We propose a new method for estimating the number of answers OUT of a small join query Q in a large database D, and for uniform sampling over joins. Our method is the first to satisfy all the following statements. - Support arbitrary Q, which can be either acyclic or cyclic, and contain binary and non-binary relations. - Guarantee an arbitrary small error with a high probability always in \~O(AGM/OUT) time, where AGM is the AGM bound OUT (an upper bound of OUT), and \~O hides the polylogarithmic factor of input size. We also explain previous join size estimators in a unified framework. All methods including ours rely on certain indexes on relations in D, which take linear time to build offline. Additionally, we extend our method using generalized hypertree decompositions (GHDs) to achieve a lower complexity than \~O(AGM/OUT) when OUT is small, and present optimization techniques for improving estimation efficiency and accuracy.

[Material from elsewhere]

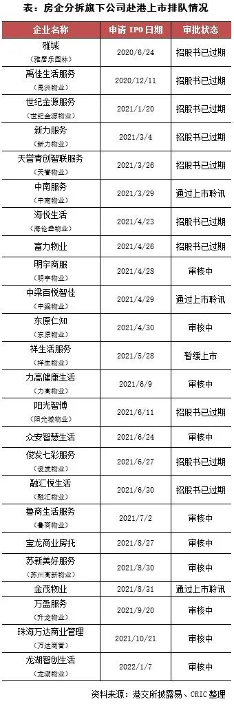 在房企分拆旗下公司上市方面,本月7日龍湖智創(chuàng)生活向港交所首次遞交了招股說明書,此外魯商生活服務(wù)和眾安智慧生活也分別在18日和30日更新了招股書。因此截至2022年1月底,在港交所遞交過招股書而仍未上市的房企旗下公司共有24家,其中有多家企業(yè)的招股書都已過期,未來是否還會堅(jiān)持上市有待觀察。除此之外,期后金茂物業(yè)在2月6日通過了上市聆訊,有可能很快就會完成IPO。

翻译:保证在连接查询中进行均匀抽样和OUT大小估计的O(AGM/OUT)运行时间
翻译后的摘要:
我们提出了一种新的方法来估计大数据库D中小连接查询Q的答案数量OUT,并进行连接上的均匀抽样。我们的方法是第一个满足以下所有观点的。 - 支持任意Q,可以是无环或有环,包含二进制和非二进制关系。 - 保证任意小的误差始终在\~O(AGM/OUT)时间内高概率出现,其中AGM是OUT的AGM上界(OUT的一个上界),\~O隐藏输入大小的多对数因子。我们还在统一框架下解释了先前的连接大小估计器。所有方法包括我们的方法都依赖于D中的某些关系的索引,这需要离线建立线性时间。此外,我们使用广义超树分解(GHD)扩展我们的方法以在OUT较小时实现比\~O(AGM/OUT)更低的复杂性,并提供提高估计效率和准确性的优化技术。